Author: Walsh, Aoibhinn; Furlong, Mairead; Mc Nally, Paul; O'Reilly, Ruth; Javadpour, Sheila; Cox, Desmond W
Title: Paediatric invasive long-term ventilation - A ten year review. Cord-id: ujyzn14w Document date: 2021_8_6
ID: ujyzn14w
Snippet: INTRODUCTION The number of children with complex physical and developmental pathologies, including chronic respiratory insufficiency, surviving and growing beyond early childhood continues to rise. No study has examined the clinical pathway of children on invasive LTMV in an Irish setting. Our data over a ten year period was reviewed to see if our demographics and outcomes are in line with global trends. METHODS Children's Health Ireland (CHI) at Crumlin, Dublin is Ireland's largest tertiary pae
Document: INTRODUCTION The number of children with complex physical and developmental pathologies, including chronic respiratory insufficiency, surviving and growing beyond early childhood continues to rise. No study has examined the clinical pathway of children on invasive LTMV in an Irish setting. Our data over a ten year period was reviewed to see if our demographics and outcomes are in line with global trends.
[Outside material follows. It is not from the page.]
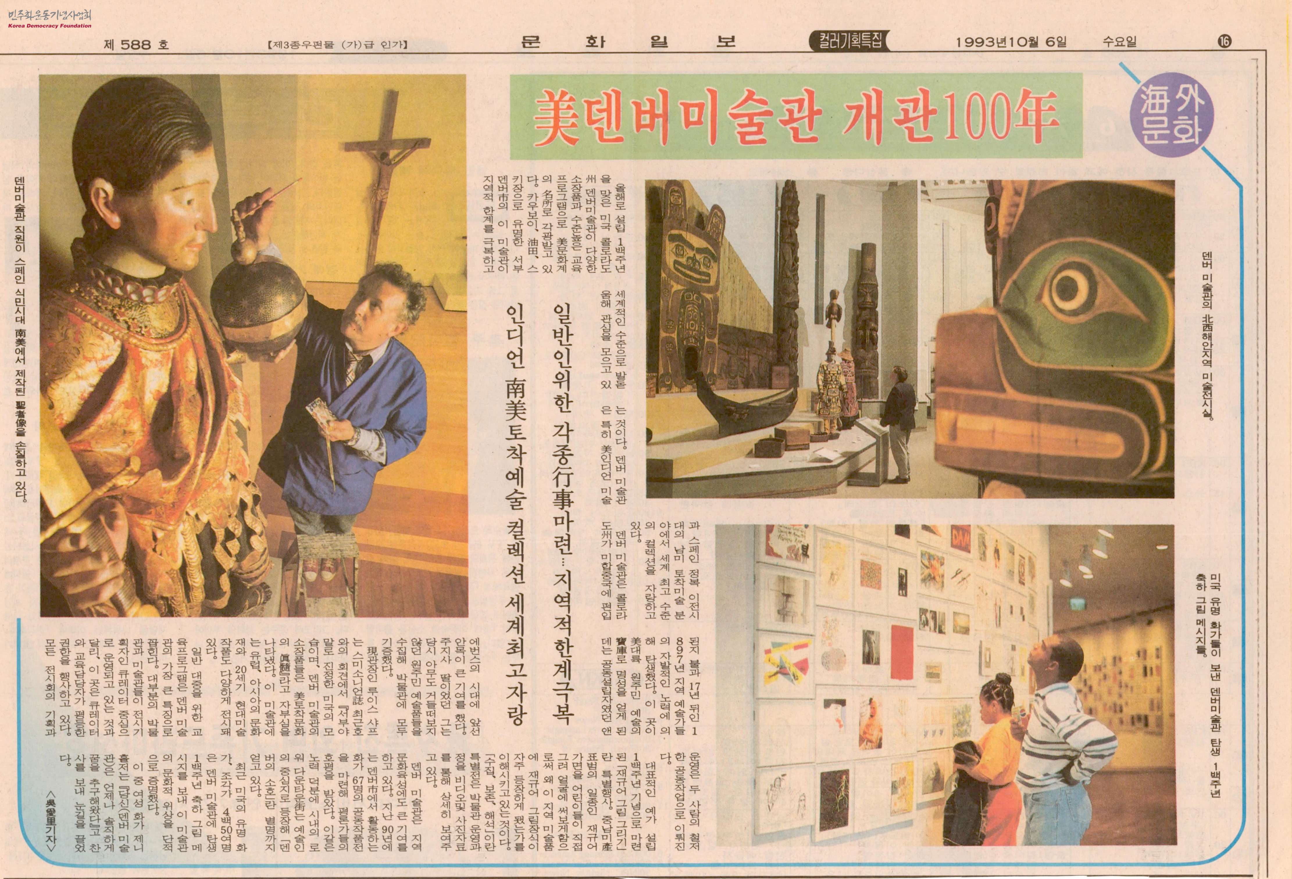 - 개관 100주년을 맞은 미국 콜로라도주 덴버미술관이 서부의 지역적 한계를 극복하고 미 문화계에서 수준 높은 교육과 다양한 소장품으로 미술계 명소로 각광받고 있다는 내용과 백주년 기념행사에 대한 내용이 담긴 신문스크랩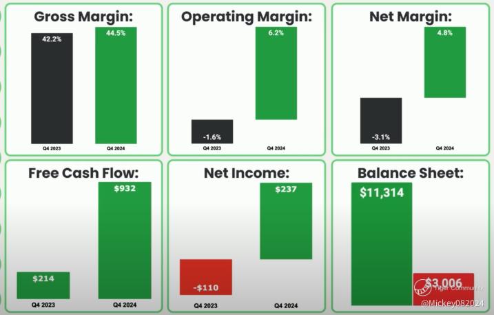 Earnings per share were 39 cents, which is a significant improvement from last year, though it did miss analysts' estimates. We’ll touch on that shortly. When it comes to margins, there’s a lot to like. Gross margins expanded by over 200 basis points year-over-year in Q4. Operating and net margins swung from losses to gains, which is a positive sign. Free cash flow surged more than fourfold, net income turned positive, and the balance sheet is in strong shape.

METHODS Children's Health Ireland (CHI) at Crumlin, Dublin is Ireland's largest tertiary paediatric hospital. A retrospective review analysed data from children in our centre commenced on LTMV via a tracheostomy over ten years (2009 - 2018). This data was subdivided into two epochs for statistical analysis of longitudinal trends. RESULTS Forty-six children were commenced on LTMV from 2009 to 2018. Many had complex medical diagnoses with associated co-morbidities. Far less children, 30.4% (n = 14) commenced LTMV in the latter half of the ten year period, they also fared better in all aspects of their treatment course. Focusing solely on children who have needed LTMV over this timeframe we have been able to isolate trends specific to this cohort. Less patients commenced LTMV on a year on year basis, and for those that require tracheostomy and LTMV, their journey to decannulation tends to be shorter. CONCLUSION Over the period reviewed, less patients over time necessitated LTMV, and those patients are being weaned and decannulated with ever more success. This has implications in terms of predicting numbers transitioning to adult services and allocation of hospital and community care resources. This article is protected by copyright. All rights reserved.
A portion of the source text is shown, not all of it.